Le nombre de personnes de plus de 50 ans déplacées par des crises humanitaires, par exemple, augmente rapidement. Or, « l’impact et les besoins des personnes âgées déplacées de force par des évènements catastrophiques sont peu connus, mais les preuves montrent que les personnes âgées sont particulièrement exposées à de telles crises à travers une variété de déterminants », lit-on.

Les pays d’accueil devront aussi s’adapter aux migrations liées aux changements climatiques et aux désastres naturels, qui risquent de s’accroître.
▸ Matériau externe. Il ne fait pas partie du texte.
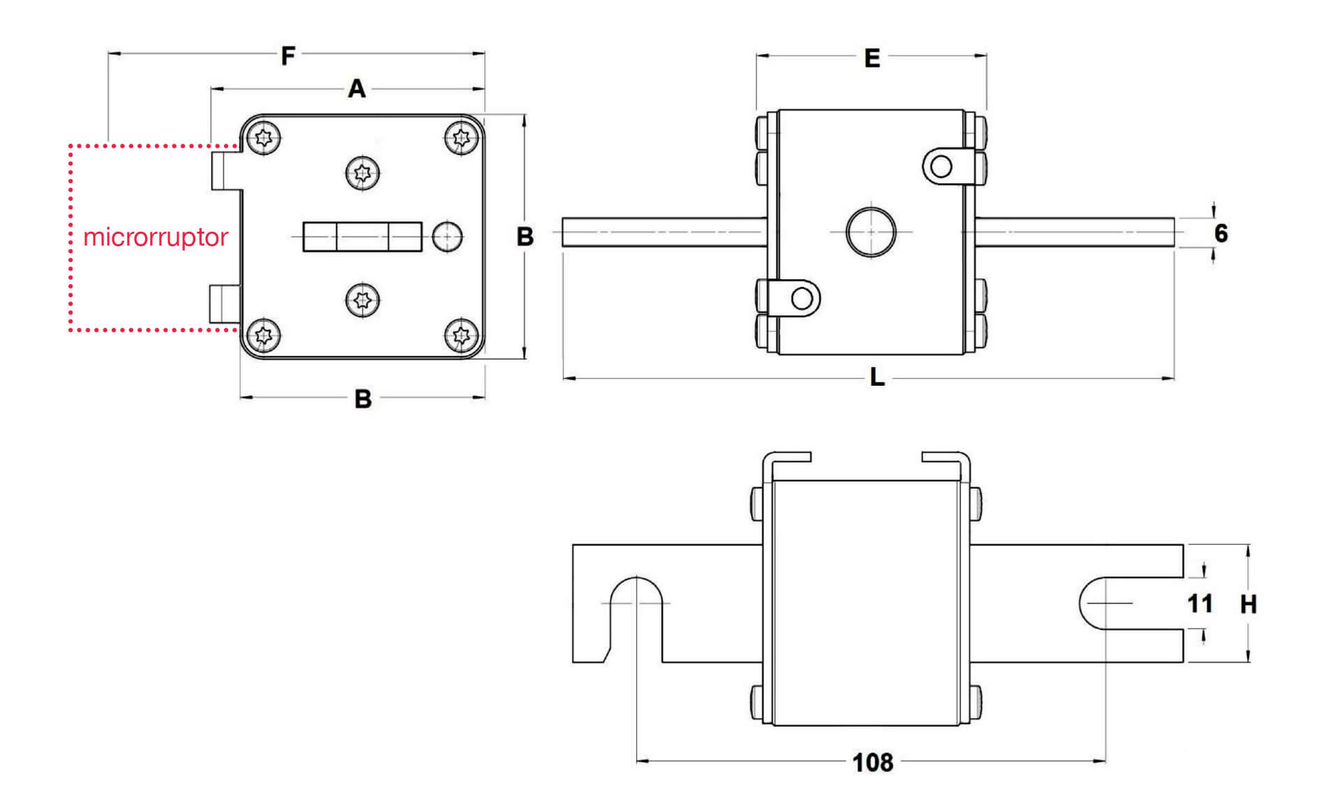 | sistema microrruptor para fusibles SQB CUERPO CUADRADO aR |

Selon le rapport, en 2020, 30,7 millions de déplacés à l’intérieur même de leur pays avaient dû fuir en raison de désastres causés par les conditions météorologiques, qui ont aussi un impact sur la santé.
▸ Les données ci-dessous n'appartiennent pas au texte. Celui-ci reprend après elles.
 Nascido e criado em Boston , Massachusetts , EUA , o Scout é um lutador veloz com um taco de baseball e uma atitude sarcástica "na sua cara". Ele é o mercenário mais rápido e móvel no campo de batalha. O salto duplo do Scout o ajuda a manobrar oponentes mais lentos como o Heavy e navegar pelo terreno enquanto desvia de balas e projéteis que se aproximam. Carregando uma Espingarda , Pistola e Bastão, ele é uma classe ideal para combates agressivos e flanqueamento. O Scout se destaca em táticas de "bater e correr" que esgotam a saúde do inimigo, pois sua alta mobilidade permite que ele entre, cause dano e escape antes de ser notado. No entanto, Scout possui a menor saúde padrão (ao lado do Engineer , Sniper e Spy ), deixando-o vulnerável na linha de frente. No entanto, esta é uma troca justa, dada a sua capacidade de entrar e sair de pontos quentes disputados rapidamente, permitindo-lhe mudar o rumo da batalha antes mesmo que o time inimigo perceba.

La santé mentale des migrants et réfugiés préoccupe aussi l’OMS. Une étude parmi les réfugiés syriens montre que les taux de détresse psychologique due à la quarantaine de la COVID-19, par exemple, étaient plus élevés parmi eux que dans le reste de la population.
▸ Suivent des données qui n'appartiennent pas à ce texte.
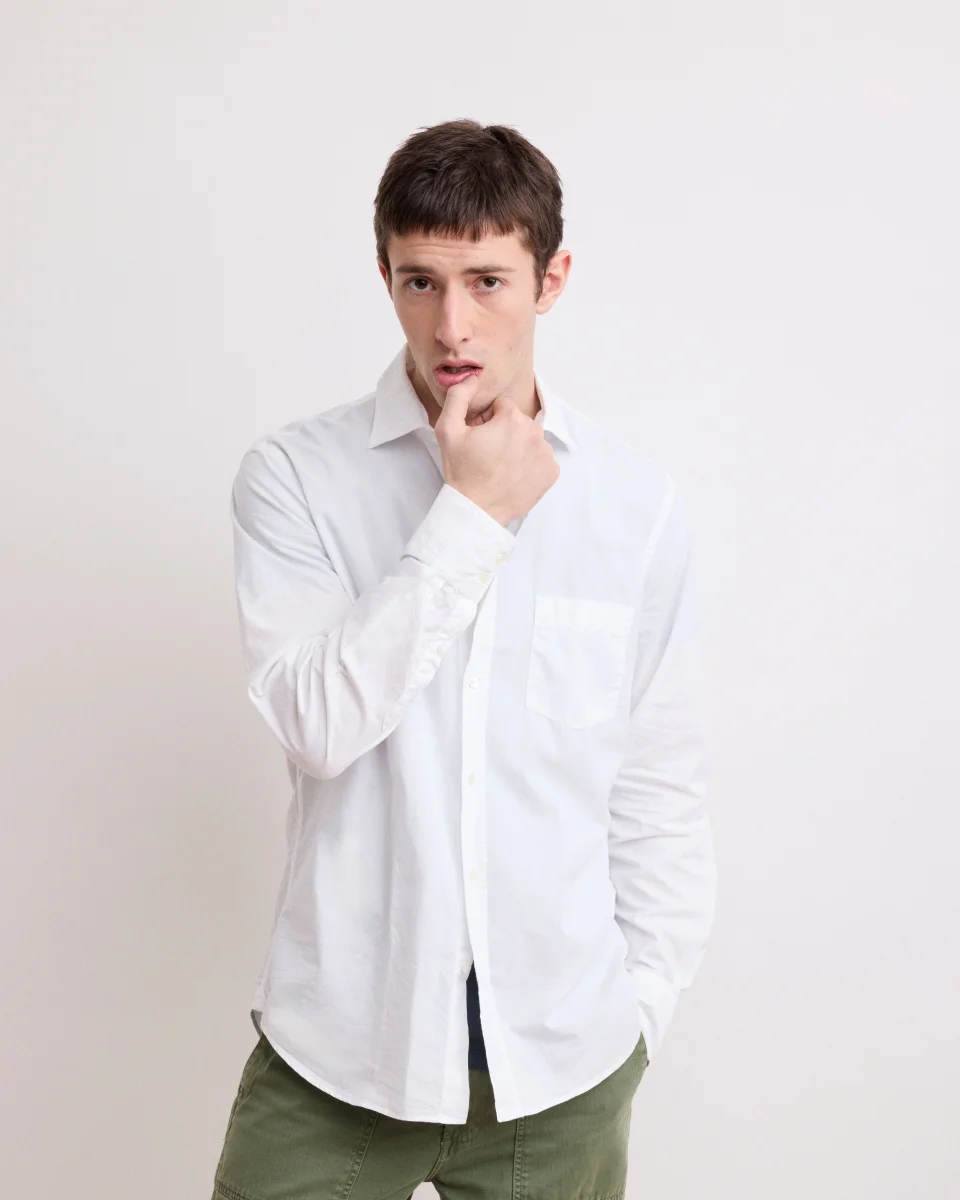 Chemise Homme en Gabardine de Coton Blanc Paul

La pandémie a d’ailleurs mis en lumière les risques pour la santé qui découlent de la situation précaire de nombreux migrants et réfugiés.

Solution

La solution pour s’assurer d’une meilleure prise en charge de la santé des migrants et des réfugiés doit être politique, a dit le directeur général de l’OMS, Tedros Adhanom Ghebreyesus, en conférence de presse, diffusée sur le web mercredi.

Une évaluation systématique des conditions physiques et mentales des nouveaux arrivants devrait être mise en place un peu partout, a ajouté le DWaheed Arian, médecin anglais et militant invité à s’adresser aux médias par l’OMS. « Ne pas attendre qu’ils soient en situation de crise, qu’ils s’automutilent ou fassent une crise cardiaque ou aient un autre problème », a-t-il expliqué.

Et que nous soyons obligés de ramasser les dégâts aux urgences, ce qui mène à une surcharge du système de santé parce que nous n’avons pas fait le travail correctement dès le début.

Le DWaheed Arian

Né en Afghanistan, lui-même a vécu les problèmes de santé liés à la fuite de sa famille pour échapper aux bombes. Le froid, la faim et la toux persistante. La traversée dangereuse à dos d’âne et de cheval sur une route vers le Pakistan, menacés par les attaques. La famille entassée dans la tente d’un camp de réfugiés sous un soleil de plomb, où la transmission de la tuberculose et de la malaria était élevée. Le retour au pays, de nouveau secoué par la violence.

Son départ, à 15 ans, seul, vers le Royaume-Uni. Les troubles de stress post-traumatiques. « Même si nous étions à l’abri des bombes, nous n’étions pas en sécurité physiquement, nous n’étions pas en sécurité socialement, nous n’étions pas en sécurité mentalement », a-t-il illustré.